Answer: We thank reviewer 4 for this interesting biological question. In sex stratified analyses no significant differences could be observed. Directions of effects were identical for males and females, although effect sizes were different in some cases. As the individual samples were smaller effects did not remain significant due to power issues.
- All of the miRNA analysis results were based on the omics data without no validation. The authors should try to validate some important miRNA level changes, like hsa-miR-107, using human brain samples
Answer: You are correct that we were not able to replicate the miRNA findings as we had no replication sample available. The miRNA results did not serve as our main findings. They were used to support our results on the interaction between depressive symptoms and APOE e4 status and results revealed a link towards AD. As our data were measured in plasma, we also tried to draw a link towards brain miRNA using data from the human miRNA tissue atlas. Unfortunately, human brain samples were not available in our study.
Round 2
Reviewer 2 Report
I have no further comments for the authors.
Reviewer 3 Report
First of all, I would like to thank the authors for their efforts to incorporate most of the suggestions made. I believe that this has significantly improved the quality of the work.
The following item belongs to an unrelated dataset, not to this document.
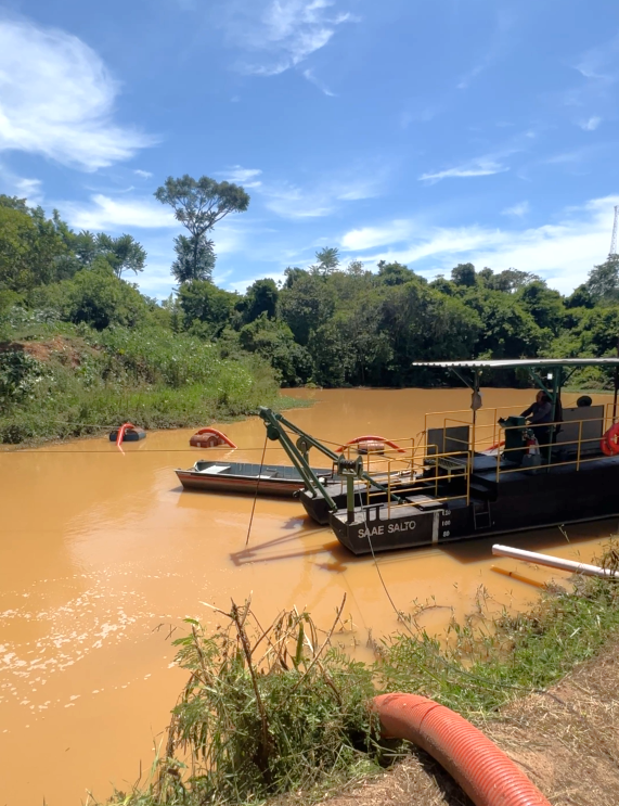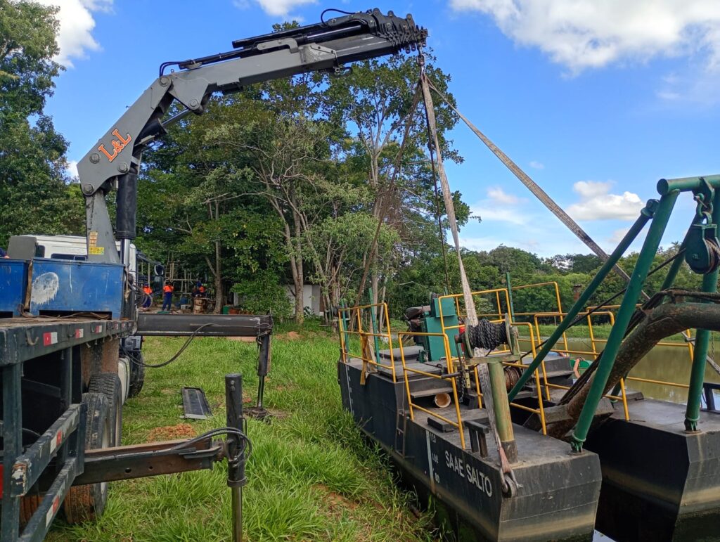 A draga está sendo utilizada para a remoção de bancos de areia e outros detritos, como galhos, que se acumulam naturalmente na calha e dificultam a vazão do rio e a sucção pelas bombas da ETA.

Although it is true that the purpose of the work is not to correlate with AD biomarkers, I believe that the work would have gained robustness and significance if AD biomarkers and proper cognitive evaluation has been performed. I think it is wrong to point out that prodromal Alzheimer's disease would be very rare because in other population studies it is quite frequent (it is underestimated at the population level) and I think that the incorporation of cognitive screening tests would have been necessary to add robustness (and it is done in epidemiological studies. There are population based cohorts with hundreds of participants with cognitive screening incorporating the assessment of affective and conductual symptoms). I leave this as a consideration for future work by the research team, since I am aware that at the present time this is an aspect that cannot be remedied.
are
I have no further comments to add.
Reviewer 4 Report
The authors have addressed all of my comments and concerns. I have no additional comments.